## TASK ITEM
Starting at the top line, print the entries below exactly as they are and skip every picture.

[Start of Attachment]

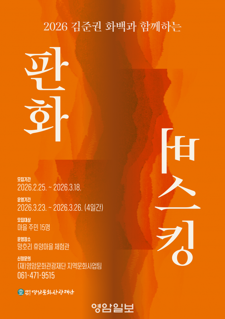 Âü°¡½ÅûÀº 3¿ù 20ÀϱîÁö °¡´ÉÇϸç, (Àç)¿µ¾Ï¹®È°ü±¤Àç´Ü Áö¿ª¹®È»ç¾÷ÆÀ(061-471-9516)À» ÅëÇØ Á¢¼öÇÒ ¼ö ÀÖ´Ù.
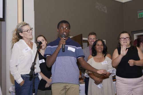 The club welcomed representatives from our Golf4Kids beneficiaries – Ralph Richardson Center, the Transitions program at Sacramento State, and Luther Burbank High School. President Bobby presented a ceremonial $45,000 check representing the fundraiser proceeds. “Hello friends,” said one student. Another teared up with excitement. With a big smile, one student said, “I am very special to be here.”
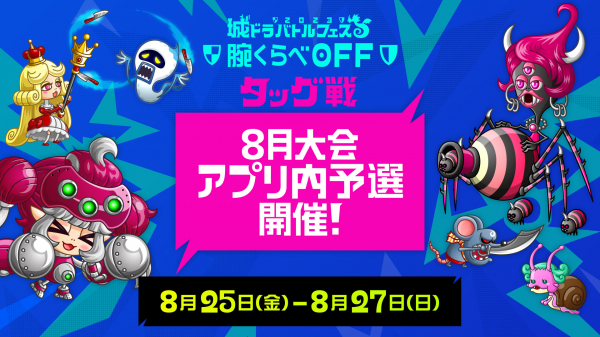 8月25日(金)より、『城ドラ』プレイヤー王者決定戦「城ドラバトルフェス2023」の腕くらべOFFモード・タッグ戦8月大会アプリ内予選を開催いたします。8月大会で勝ち進んだベスト10チーム、7月大会で勝ち進んだベスト10チームが、9月10日に行われるトーナメント戦でそれぞれ1チームに絞られ、決勝戦として12月に予定されている「タッグ王者決定戦」に進出することができます。予選へのご参加、心よりお待ちしています!予選へのご参加、心よりお待ちしています!
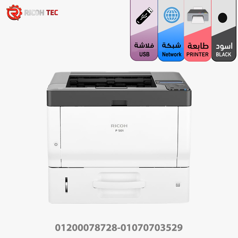 طابعة Ricoh 501 ليزر أبيض وأسود عالية الجودة، مناسبة للمكاتب والشركات الصغيرة والمتوسطة. توفر سرعة طباعة ممتازة مع دقة تصل إلى 1200×1200 dpi، وتضمن أداءً موثوقًا مع تكلفة تشغيل منخفضة
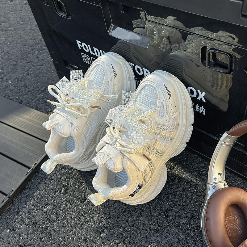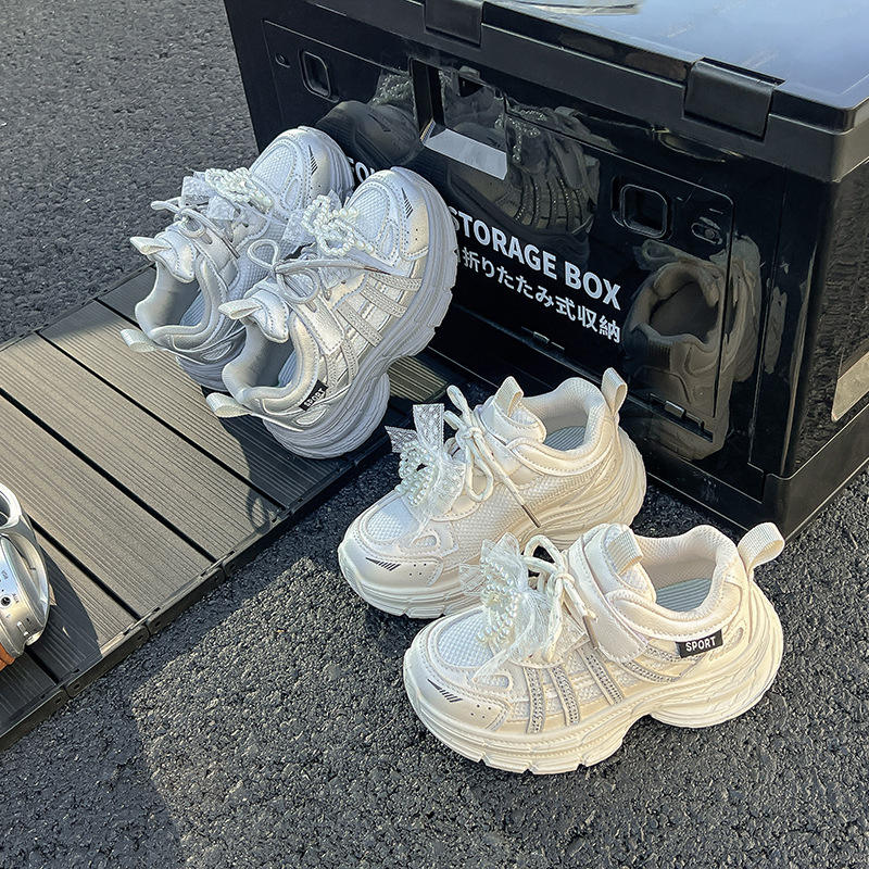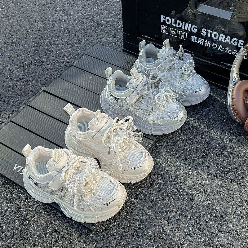 รองเท้ากีฬาเด็กผู้หญิงประดับโบว์มุก รุ่นฤดูใบไม้ร่วงปี 2025 แฟชั่นลำลอง ระบายอากาศได้ดี รองเท้าเด็กผู้ชายแบบ Dad Shoes สีขาวงาช้าง/สีเงิน
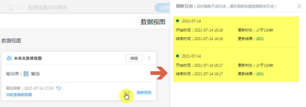 • 展示数据视图的刷新日志,日志显示为30条。
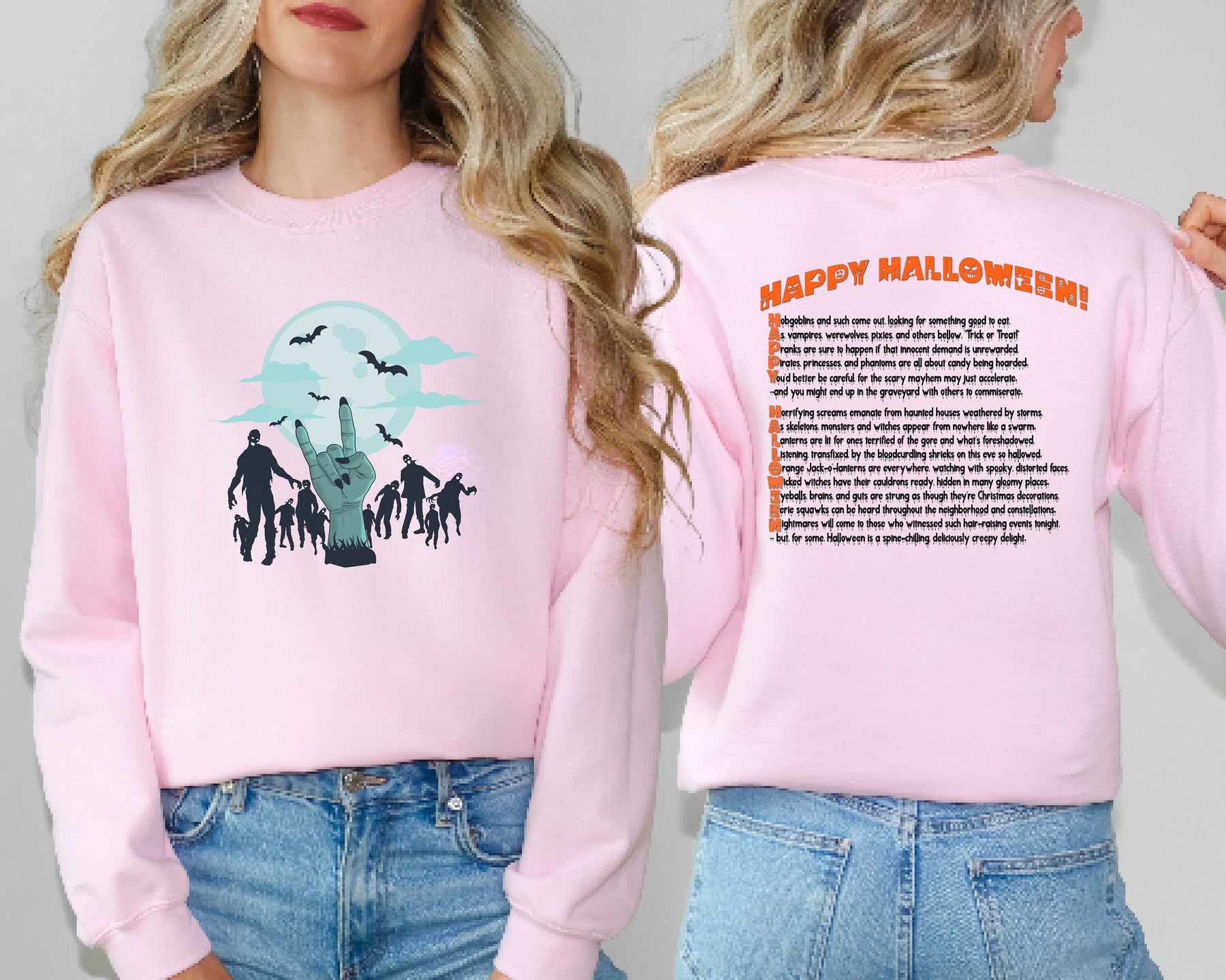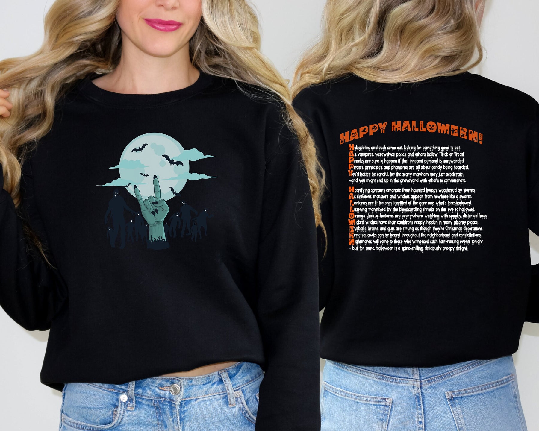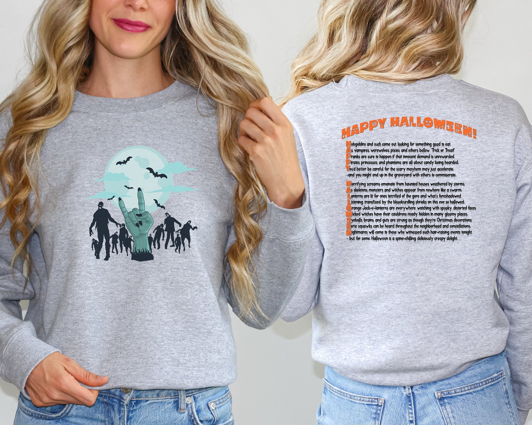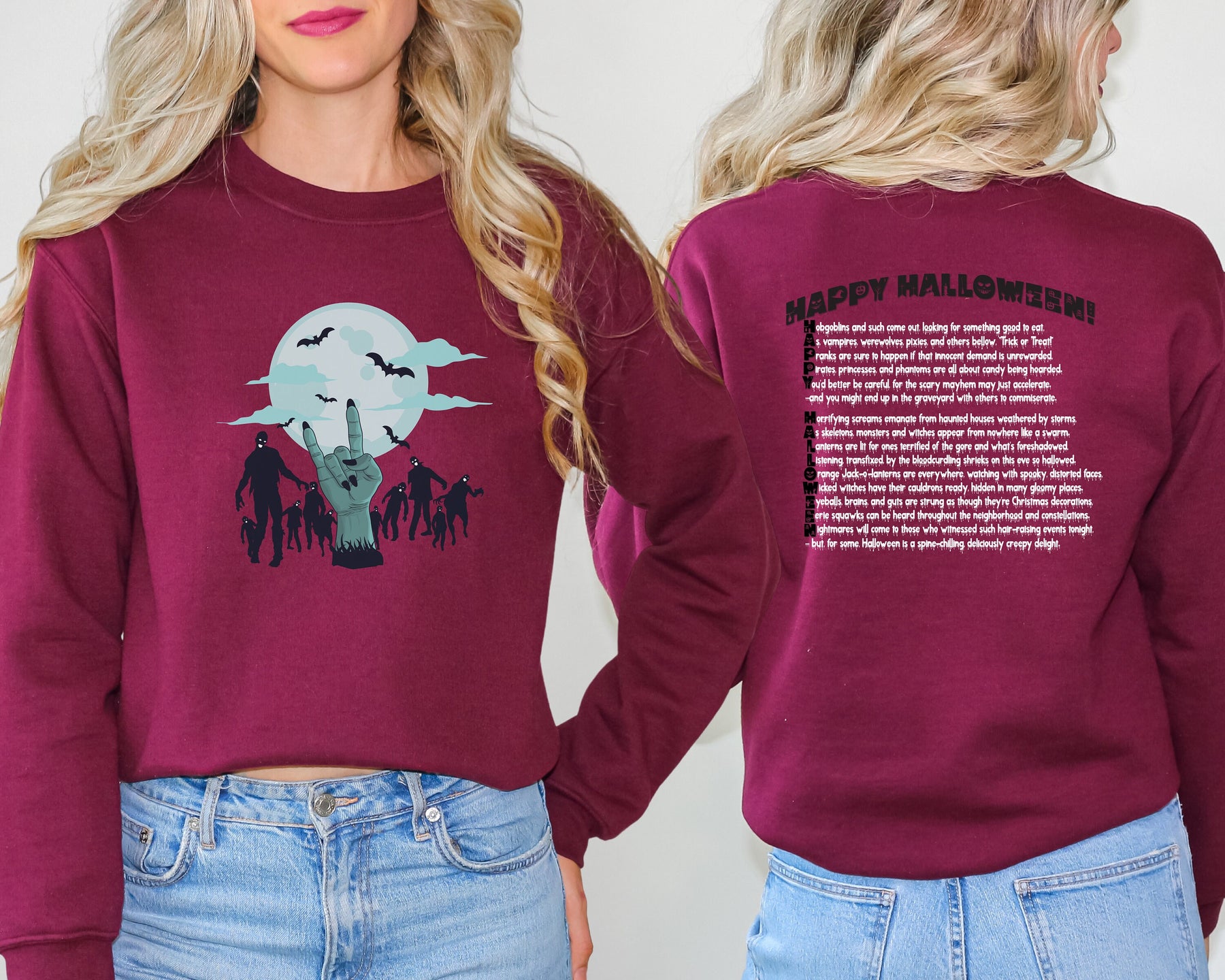 Spooky and fantastic "Rock On" hand and zombie motif, complete with an acrostic poem that spells out "Happy Halloween" on the back of this cozy crewneck sweatshirt. The clever writing and artwork are sure to spark some interesting discussions! Check out the Font with Halloween items incorporated and the ooze-dripping text!
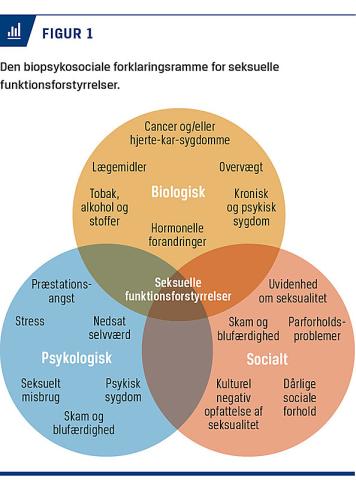 Seksuelle funktionsforstyrrelser skyldes ofte en kombination af biologiske, psykologiske og sociale faktorer og bør derfor forstås i den bio-psyko-sociale ramme (Figur 1). I Danmark diagnosticeres seksuelle funktionsforstyrrelser inden for både det psykiatriske og det somatiske område (Tabel 1), og behandlingen kan ske inden for flere specialer med praktiserende læger, urologer, gynækologer, psykiatere og psykologer som de hyppigste behandlere [1]. Seksuelle funktionsforstyrrelser kan også benævnes seksuelle problemer eller seksuelle dysfunktioner.
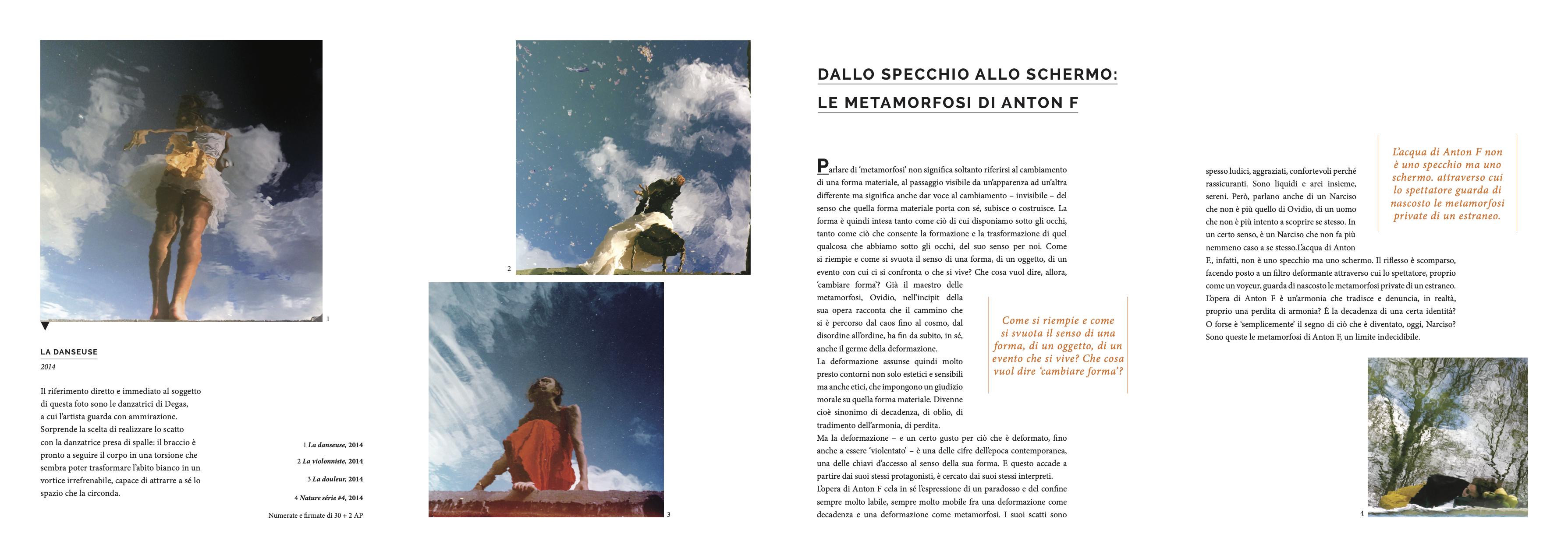 EN Anton F left Lille to move to Bordeaux, and then in 1994 he moved to Paris, where he now lives and works. Although he was tapped to work in economics, after completing his studies he turned to photography and specialized in it, making it a career. Between late 2013 and early 2014 he exhibited Reflets New York 912 at the Galerie Jules&Jim in Paris. In 2014, the Galerie de l’Europe in Paris devoted a retrospective to the photographer to present the Lignes 2013/2014 series, of which Les Musées Barbier-Mueller (Geneva) owns a diptych. His second solo show was inaugurated in 2015 and was reserved for Métamorphoses, the series he then exhibited at the Fondation d’Entreprise HiMedia. The French photographer’s artistic research, selected by the KML Art Foundation, has gained attention in Italy and Europe – mainly in Brussels – but also in New York. IT Anton F lascia Lille per trasferirsi a Bordeaux e poi, dal 1994, a Parigi, dove attualmente vive e lavora. Destinato a una carriera economica, terminati gli studi si avvicina alla fotografia e si specializza per farne la sua professione. Tra la fine del 2013 e l’inizio del 2014 espone Reflets New York 912 negli spazi parigini della Galerie Jules&Jim. A Parigi, nel 2014, la Galerie de l’Europe dedica al fotografo una retrospettiva per presentare la serie Lignes 2013/2014, di cui Les Musées Barbier-Mueller (Ginevra) possiede un dittico. La seconda personale inaugura nel 2015 ed è riservata a Métamorphoses, la serie che è stata successivamente esposta dalla Fondation d’Entreprise HiMedia. La ricerca artistica del fotografo francese, scelta anche da KML Art Foundation, è oggetto di attenzioni nazionali, europee, prevalentemente a Bruxelles, e internazionali, a New York.
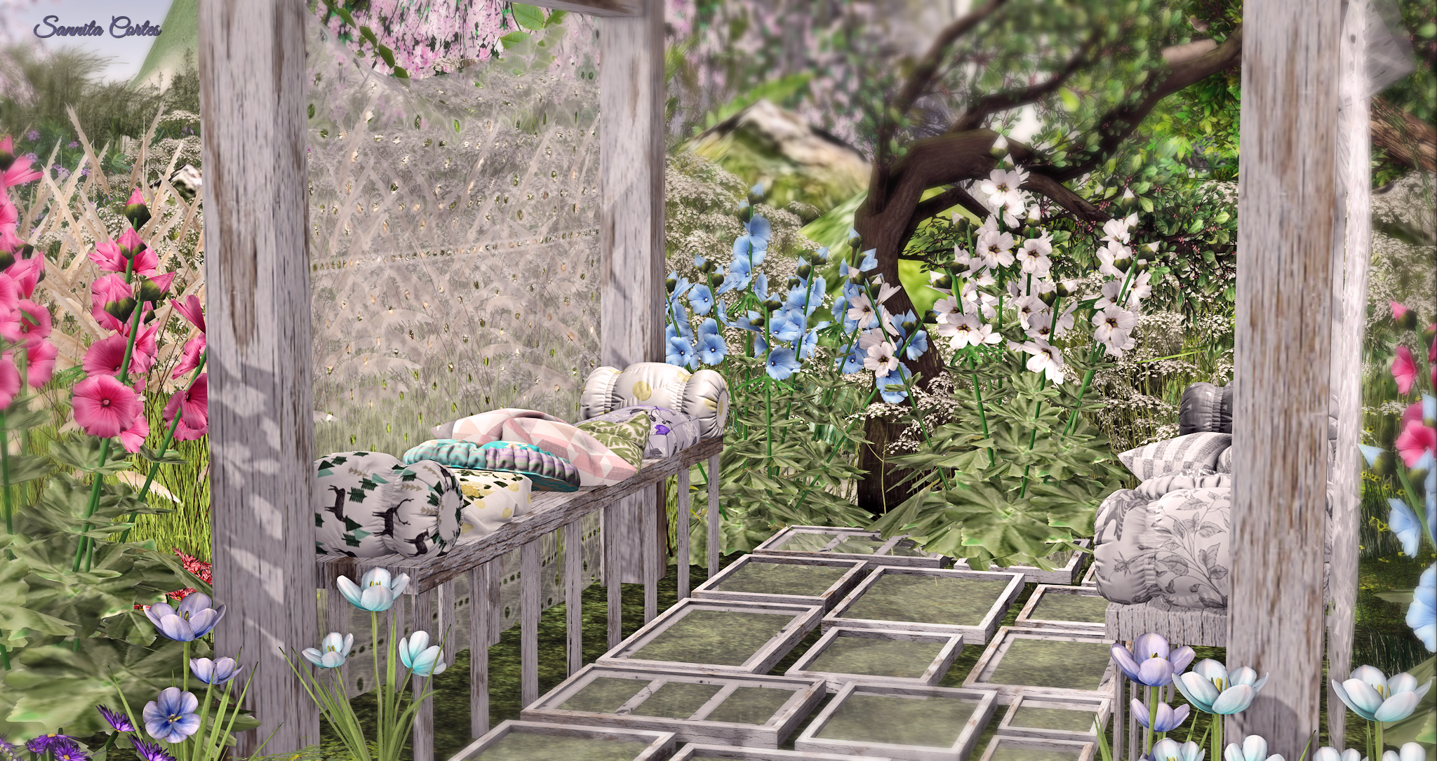 In the following photos you see a beautiful spring garden, combinated of some designers creations to get there.
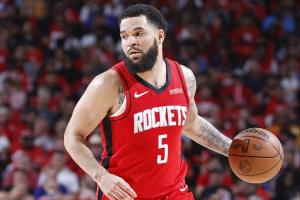 比賽中,名記Marc J.Spears發(fā)推寫(xiě)道:“弗雷德-范弗里特正在某個(gè)地方搖頭?;鸺娴男枰硗庖幻匦l(wèi)?!?/p>
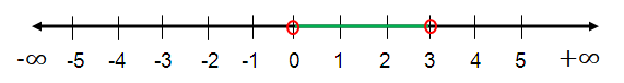 Since the given inequalities 0 < x < 3 (less than and less than), we draw the line from 0 with an unfilled circle to 3 with an unfilled circle on the number line.

[End of Attachment]

## EXERCISE RESPONSE
 Âü°¡½ÅûÀº 3¿ù 20ÀϱîÁö °¡´ÉÇϸç, (Àç)¿µ¾Ï¹®È°ü±¤Àç´Ü Áö¿ª¹®È»ç¾÷ÆÀ(061-471-9516)À» ÅëÇØ Á¢¼öÇÒ ¼ö ÀÖ´Ù.
 The club welcomed representatives from our Golf4Kids beneficiaries – Ralph Richardson Center, the Transitions program at Sacramento State, and Luther Burbank High School. President Bobby presented a ceremonial $45,000 check representing the fundraiser proceeds. “Hello friends,” said one student. Another teared up with excitement. With a big smile, one student said, “I am very special to be here.”
 8月25日(金)より、『城ドラ』プレイヤー王者決定戦「城ドラバトルフェス2023」の腕くらべOFFモード・タッグ戦8月大会アプリ内予選を開催いたします。8月大会で勝ち進んだベスト10チーム、7月大会で勝ち進んだベスト10チームが、9月10日に行われるトーナメント戦でそれぞれ1チームに絞られ、決勝戦として12月に予定されている「タッグ王者決定戦」に進出することができます。予選へのご参加、心よりお待ちしています!予選へのご参加、心よりお待ちしています!
 طابعة Ricoh 501 ليزر أبيض وأسود عالية الجودة، مناسبة للمكاتب والشركات الصغيرة والمتوسطة. توفر سرعة طباعة ممتازة مع دقة تصل إلى 1200×1200 dpi، وتضمن أداءً موثوقًا مع تكلفة تشغيل منخفضة
 รองเท้ากีฬาเด็กผู้หญิงประดับโบว์มุก รุ่นฤดูใบไม้ร่วงปี 2025 แฟชั่นลำลอง ระบายอากาศได้ดี รองเท้าเด็กผู้ชายแบบ Dad Shoes สีขาวงาช้าง/สีเงิน
 • 展示数据视图的刷新日志,日志显示为30条。
 Spooky and fantastic "Rock On" hand and zombie motif, complete with an acrostic poem that spells out "Happy Halloween" on the back of this cozy crewneck sweatshirt. The clever writing and artwork are sure to spark some interesting discussions! Check out the Font with Halloween items incorporated and the ooze-dripping text!
 Seksuelle funktionsforstyrrelser skyldes ofte en kombination af biologiske, psykologiske og sociale faktorer og bør derfor forstås i den bio-psyko-sociale ramme (Figur 1). I Danmark diagnosticeres seksuelle funktionsforstyrrelser inden for både det psykiatriske og det somatiske område (Tabel 1), og behandlingen kan ske inden for flere specialer med praktiserende læger, urologer, gynækologer, psykiatere og psykologer som de hyppigste behandlere [1]. Seksuelle funktionsforstyrrelser kan også benævnes seksuelle problemer eller seksuelle dysfunktioner.
 EN Anton F left Lille to move to Bordeaux, and then in 1994 he moved to Paris, where he now lives and works. Although he was tapped to work in economics, after completing his studies he turned to photography and specialized in it, making it a career. Between late 2013 and early 2014 he exhibited Reflets New York 912 at the Galerie Jules&Jim in Paris. In 2014, the Galerie de l’Europe in Paris devoted a retrospective to the photographer to present the Lignes 2013/2014 series, of which Les Musées Barbier-Mueller (Geneva) owns a diptych. His second solo show was inaugurated in 2015 and was reserved for Métamorphoses, the series he then exhibited at the Fondation d’Entreprise HiMedia. The French photographer’s artistic research, selected by the KML Art Foundation, has gained attention in Italy and Europe – mainly in Brussels – but also in New York. IT Anton F lascia Lille per trasferirsi a Bordeaux e poi, dal 1994, a Parigi, dove attualmente vive e lavora. Destinato a una carriera economica, terminati gli studi si avvicina alla fotografia e si specializza per farne la sua professione. Tra la fine del 2013 e l’inizio del 2014 espone Reflets New York 912 negli spazi parigini della Galerie Jules&Jim. A Parigi, nel 2014, la Galerie de l’Europe dedica al fotografo una retrospettiva per presentare la serie Lignes 2013/2014, di cui Les Musées Barbier-Mueller (Ginevra) possiede un dittico. La seconda personale inaugura nel 2015 ed è riservata a Métamorphoses, la serie che è stata successivamente esposta dalla Fondation d’Entreprise HiMedia. La ricerca artistica del fotografo francese, scelta anche da KML Art Foundation, è oggetto di attenzioni nazionali, europee, prevalentemente a Bruxelles, e internazionali, a New York.
 In the following photos you see a beautiful spring garden, combinated of some designers creations to get there.
 比賽中,名記Marc J.Spears發(fā)推寫(xiě)道:“弗雷德-范弗里特正在某個(gè)地方搖頭?;鸺娴男枰硗庖幻匦l(wèi)?!?/p>
 Since the given inequalities 0 < x < 3 (less than and less than), we draw the line from 0 with an unfilled circle to 3 with an unfilled circle on the number line.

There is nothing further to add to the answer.